If you want to awaken
all of humanity,
then awaken
all of yourself.

If you want to eliminate
the suffering in
the world, then
eliminate all that is dark
and negative in yourself.

Truly, the greatest gift
you have to
give is that of your
own self-transformation.
— Lao Tzu

Maybe a personal transformation blossom is what my sustainable impact is while here in Thailand...

Two weekends ago I nursed my soul in Sukhothai; feasted my senses on 800 year-old Buddha statues, stupas, and shrines; and drank in the spiritual air of the oldest capital of the Kingdom of Siam (1238 - 1438 BCE).

These photos speak more eloquently than my words ever could.

Click to see the full gallery.


More to come soon about my experiences at the Special Education Center this past week.

Love & light always,

Sawatdee kha!


Rural Reality Strikes a Chord

The girl was approximately 12, sitting on the earthen ground, her attire was so soiled with grime and dirt that I could hardly decipher the rosy pink color that her shirt originally possessed. Ropes wound around her wrists like shackles—-ropes that were apparently tied on each morning by her very own mother as a means of "dealing" with the problem; that is, if she was ever let out of their invasive grasp. Yet still, she looked cheerful, grinning at us between delighted noises at the wads of dirt and rocks she coveted.              

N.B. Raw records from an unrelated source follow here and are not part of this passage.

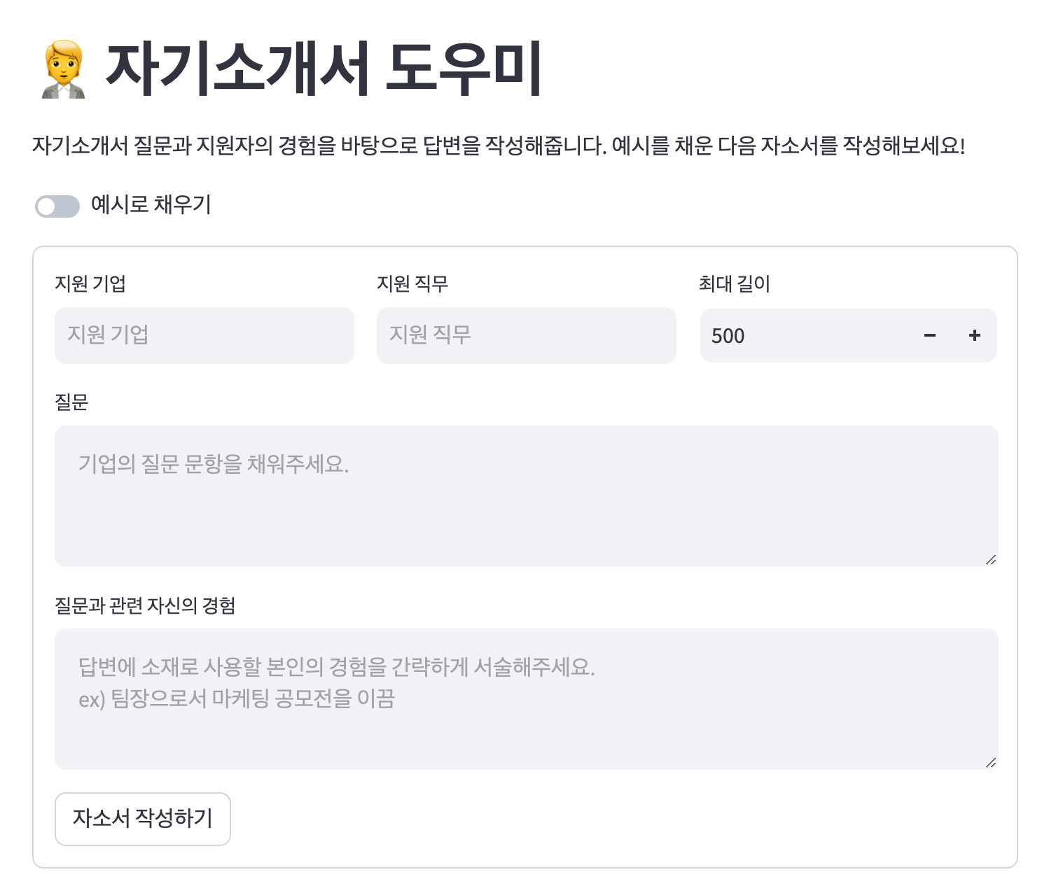 다음은 취준생들을 위한 자소서 자동완성기입니다. 지원하는 기업과 직무, 자소서 문항과 이에 관련된 자신의 경험을 입력하면 chatGPT가 완성도 높은 자소서를 써줍니다. 이를 통해서 개인 맞춤형 텍스트를 생성해주는 방법을 배우게 됩니다.
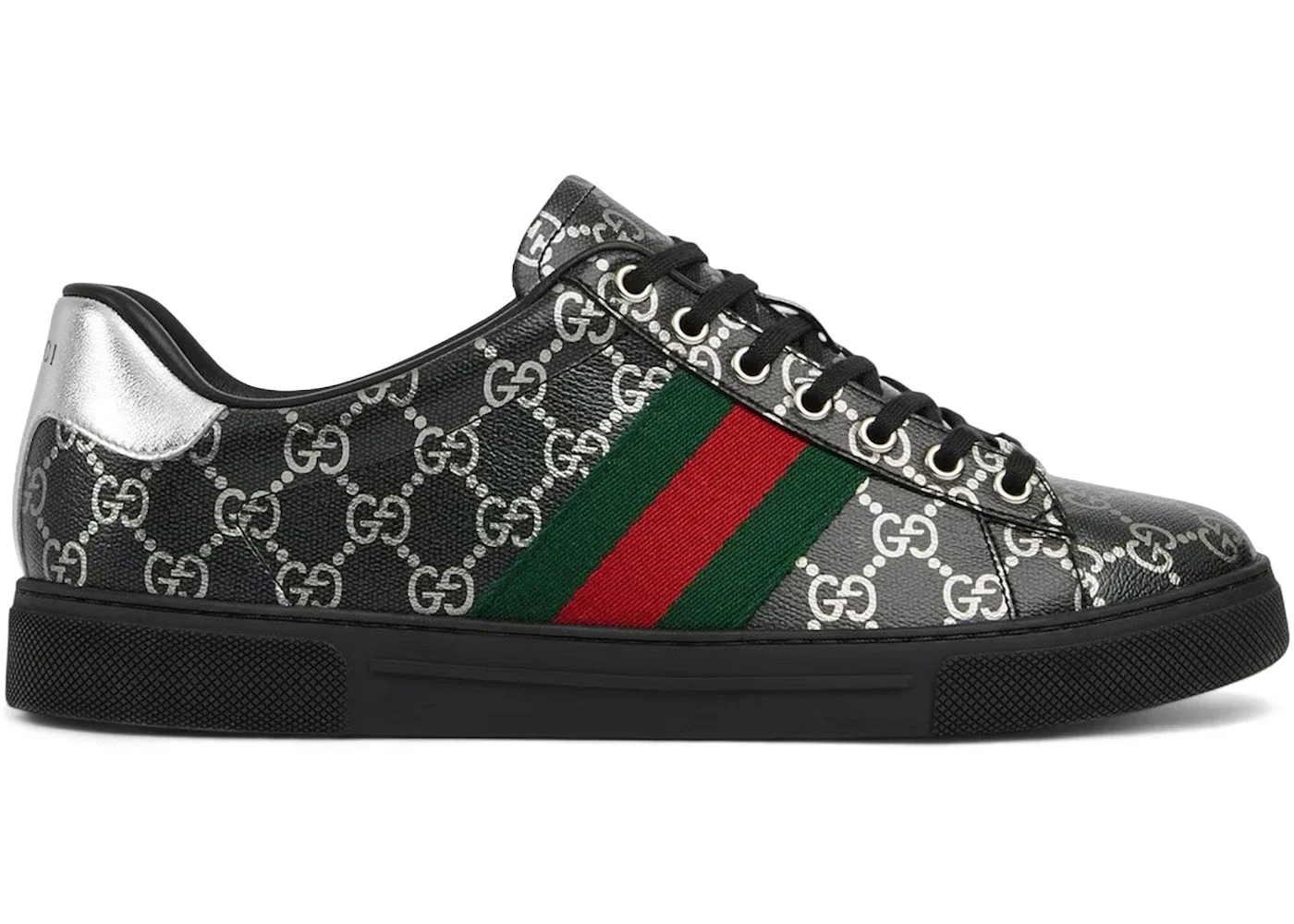 Gucci Ace Black GG Monogram Silver GG Motif
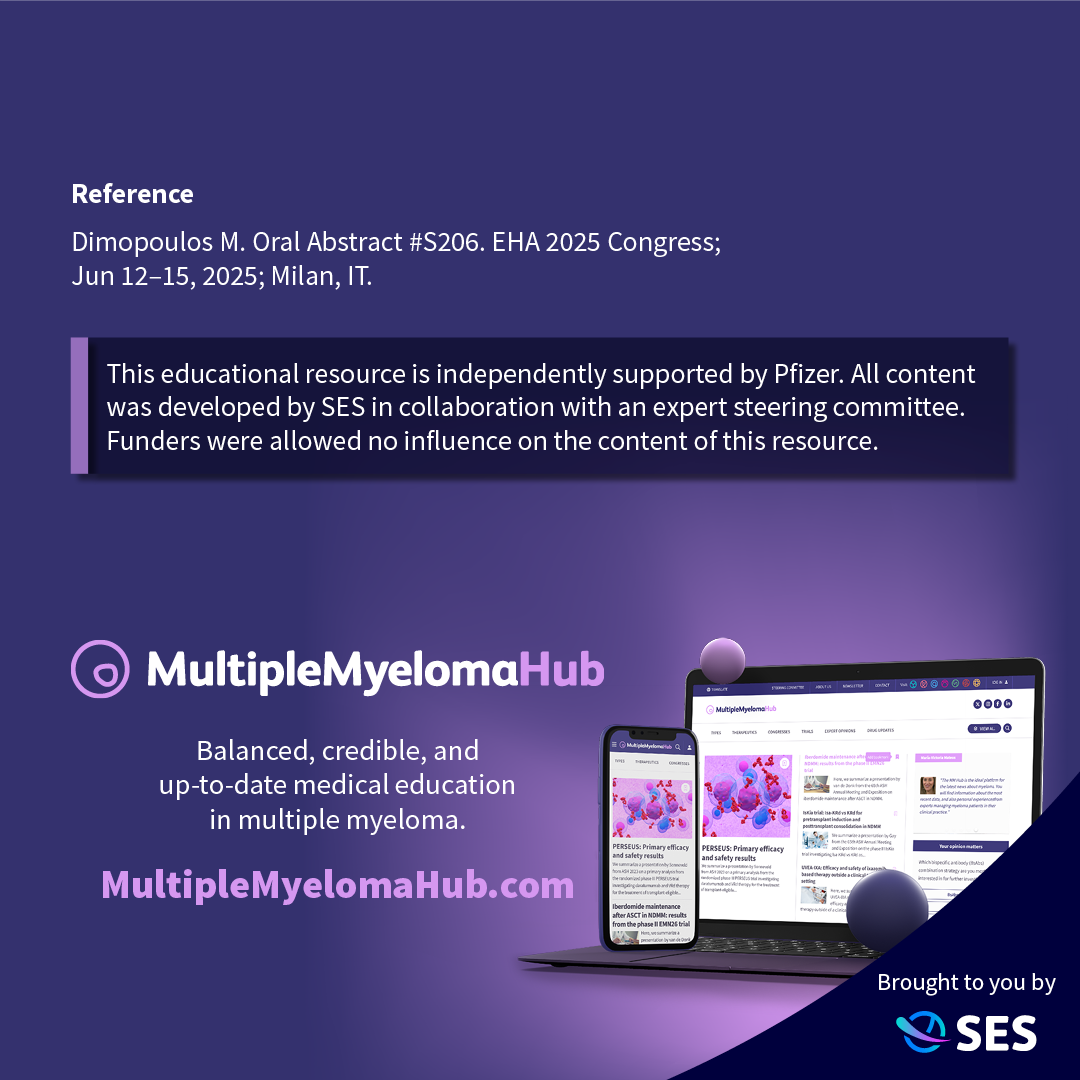 The Multiple Myeloma Hub is an independent medical education platform, sponsored by Bristol Myers Squibb, GSK, Johnson & Johnson, Legend Biotech, Pfizer, Roche, and Sanofi. The levels of sponsorship listed are reflective of the amount of funding given. View funders.
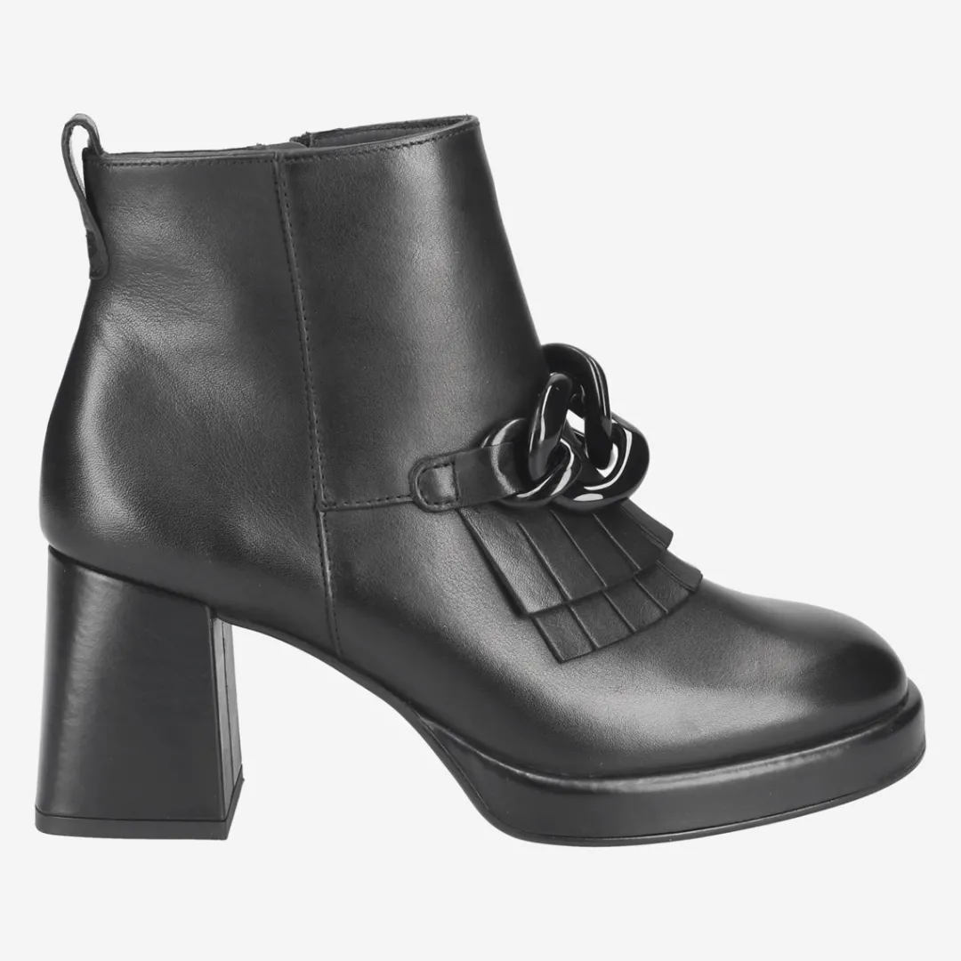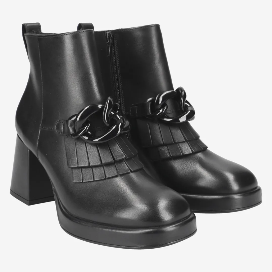 Stylish and noble present these ankle boots from Paul Green. The purist design of black smooth leather emphasizes a tonal jewelry chain and noble fringe detail around the instep area. A trendy block heel with a light platform sole makes for an absolute fashion statement. Paul Green shoes have a DNA of elegance and sportiness. This DNA is in every single shoe and in the entire range.
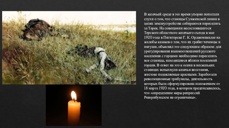 что станицы Сунженской линии в целях землеустройства собираются переселить за Терек. На совещании несостоявшегося Терского областного казачьего съезда в мае 1920 года в Пятигорске Г. К. Орджоникидзе на жалобы казаков о том, что их грабят чеченцы и ингуши, объяснял это следующим образом: для урегулирования взаимоотношений русского населения с горцами необходимо переселить все станицы, находящиеся вблизи поселений горцев. В ответ на это к осени в нескольких станицах вспыхнули казачьи восстания, жестоко подавляемые красными. Заработали революционные трибуналы, деятельность которых была сформулирована положением от 18 марта 1920 года, в котором предписывалось, что «определение меры репрессий Ревтрибуналом не ограничены».
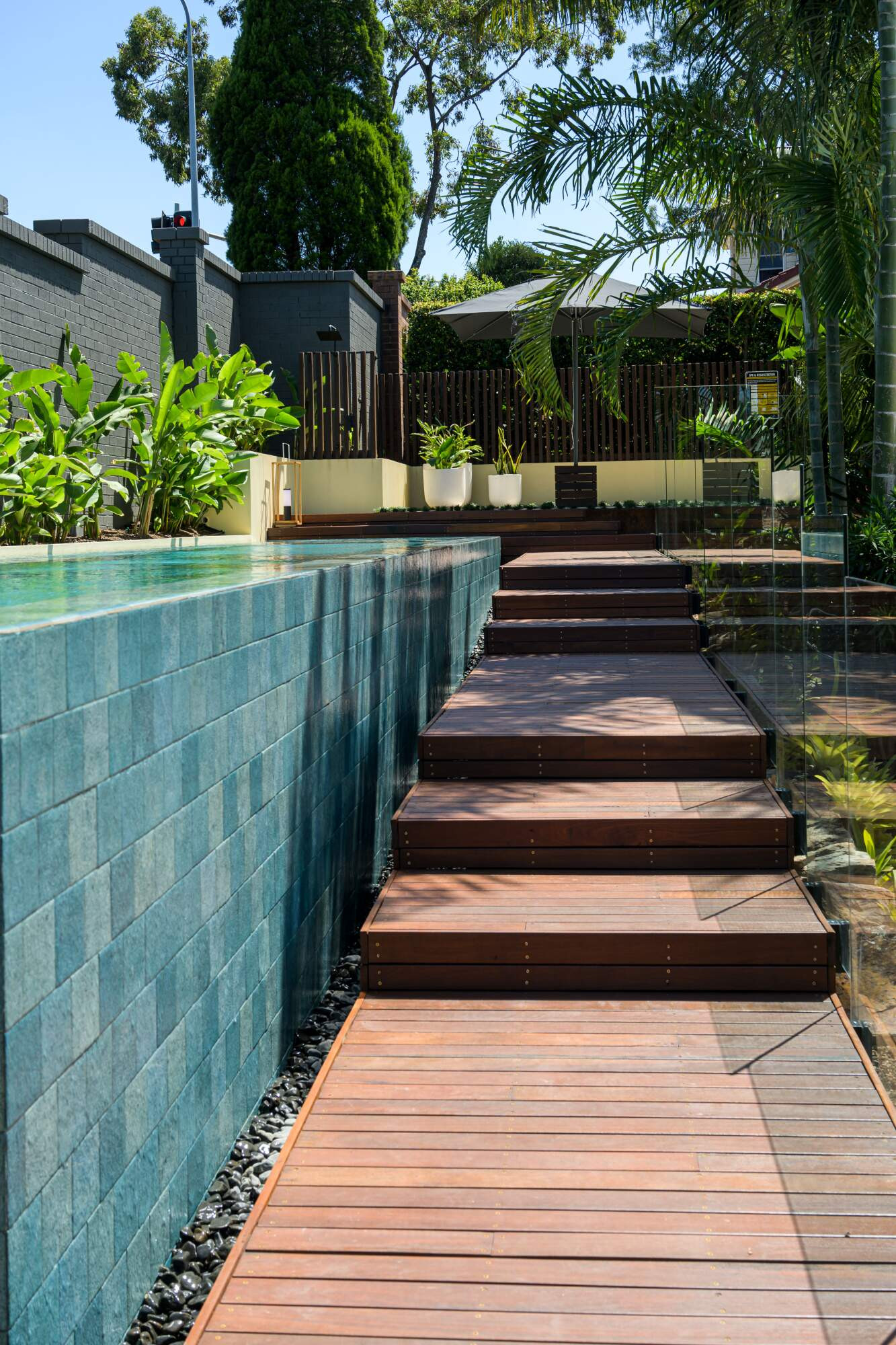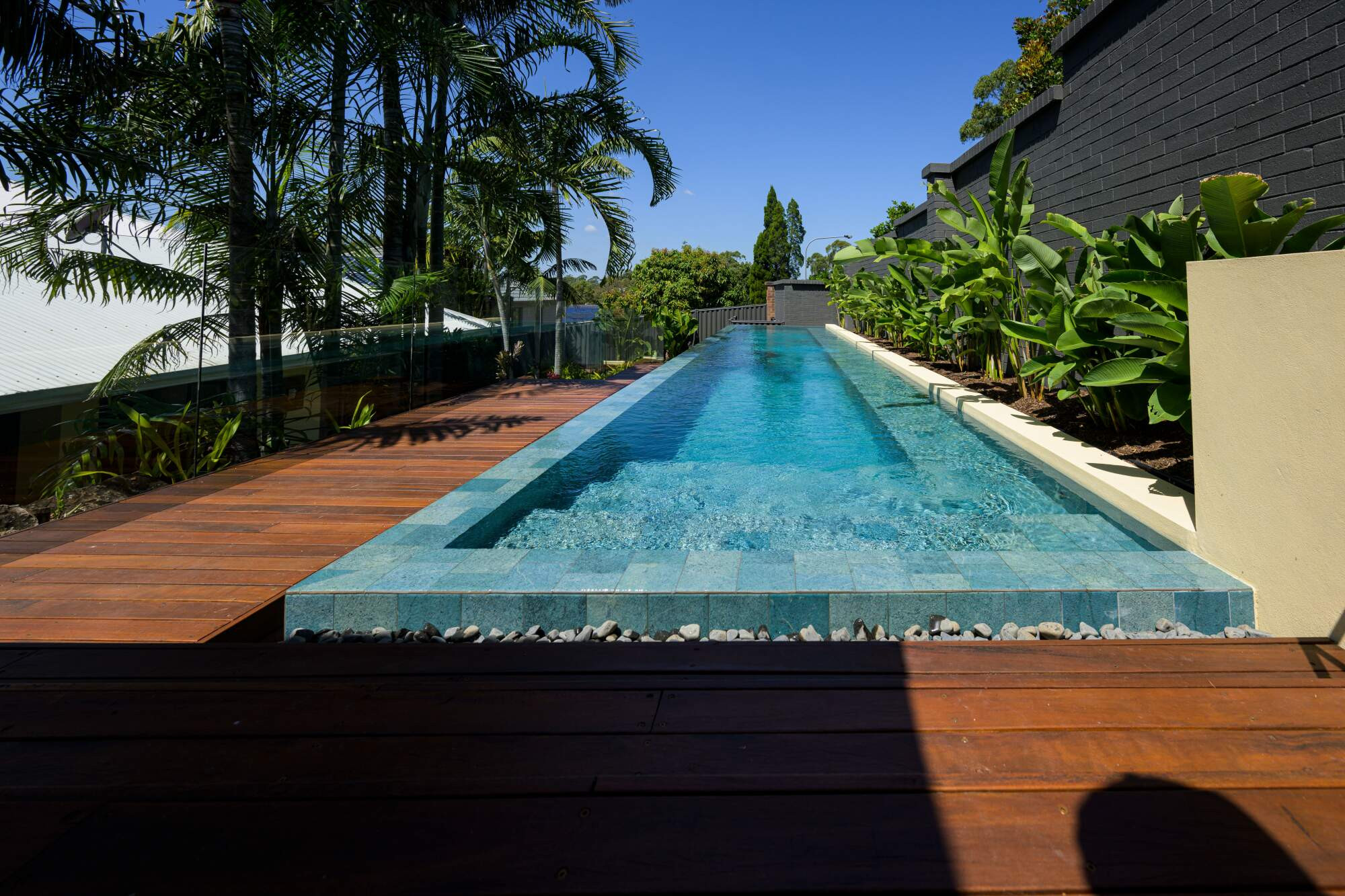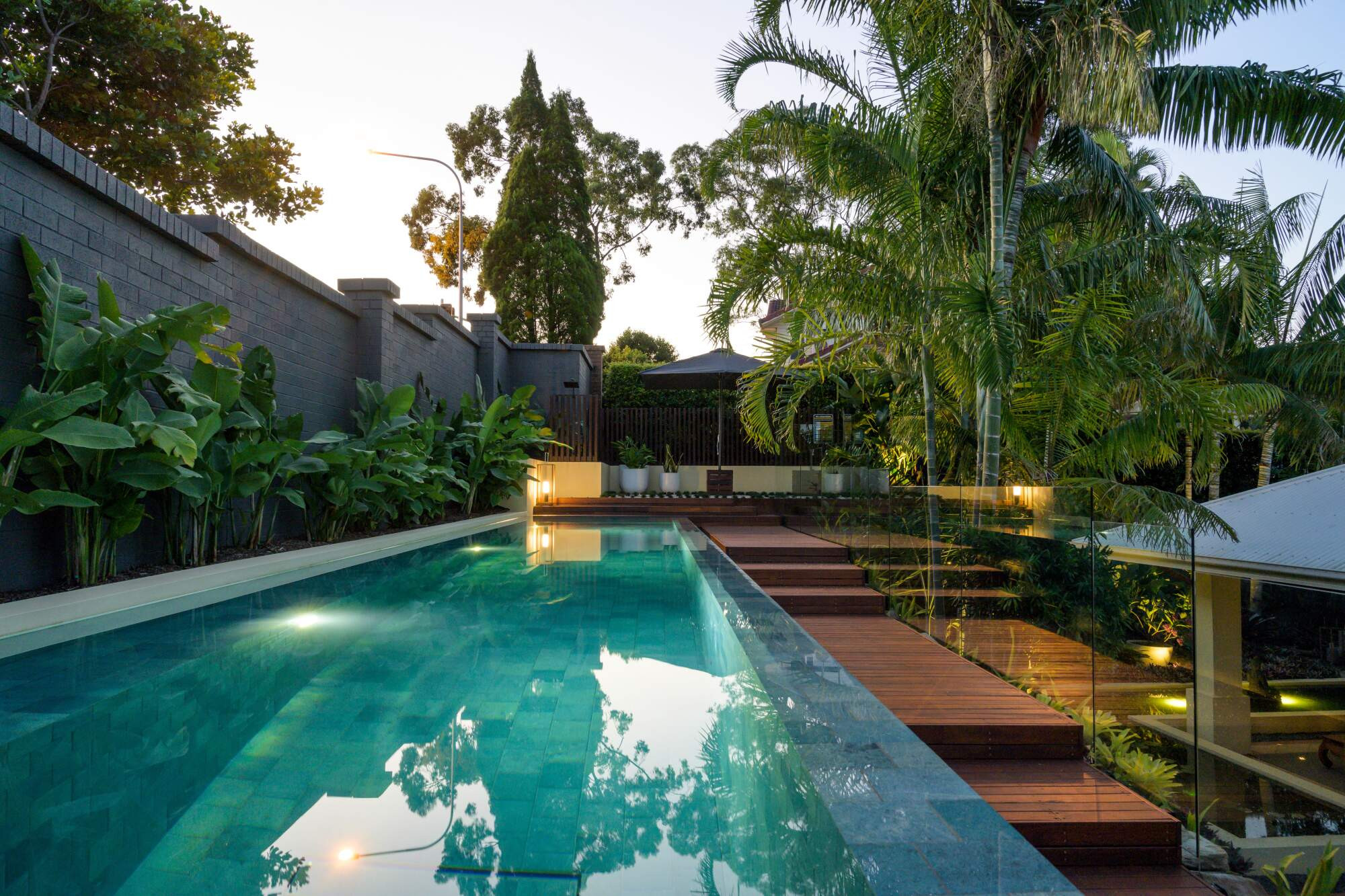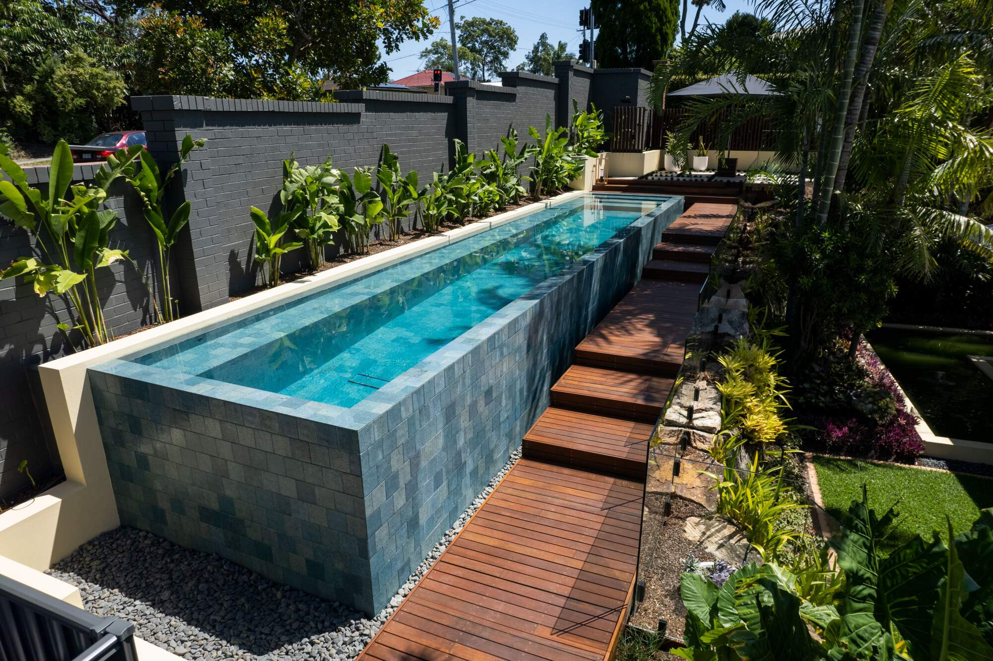 The Balinese Paradise in the heart of Brisbane Suburbia... a not so simple lap pool with 3 sided infinity edge, fully tiled and ready for any event.

The problem, in this case, is severe autism...which I was quickly beginning to realize is particularly stigmatized in rural Thailand.  We were currently standing in an offshoot of a countryside town called Sa Moeng, something like 2 hours up a meandering mountain road from Chiang Mai city, my home for the summer. I had been warned that I might see shocking treatment of disabilities in rural towns, but this proved to be too drastic a contrast from what I had viewed a mere half hour before for me to handle.

A wrinkled Karen lady (one of the prominent mountain "hilltribes" of Thailand) slowly wrapped her lips into a  profound smile, baring her mangled mahogany teeth with no shame. She communicated her story to me without uttering a word; cavernous wrinkles carved deep ravines down her face and recounted the hardships of her lifetime alongside the utter happiness apparent in the deep crows' feet and creases that bordered her smile like winking parentheses.  She was donned in traditional attire from her wrapped head garb, to her dangling glass bead necklaces that twinkled in the sunlight, all the way to her exposed feet.  She caressed her grandson with gentle hands, the enchanting love apparent with each loving glance. This little boy had a mental learning disability, yet was treated as an equal with his brother, who sat alongside him gleefully stacking their brand new blocks in rows of straight colors--see deng (red), see kio (green) and see fa (blue), brought to him via the traveling staff with government funds.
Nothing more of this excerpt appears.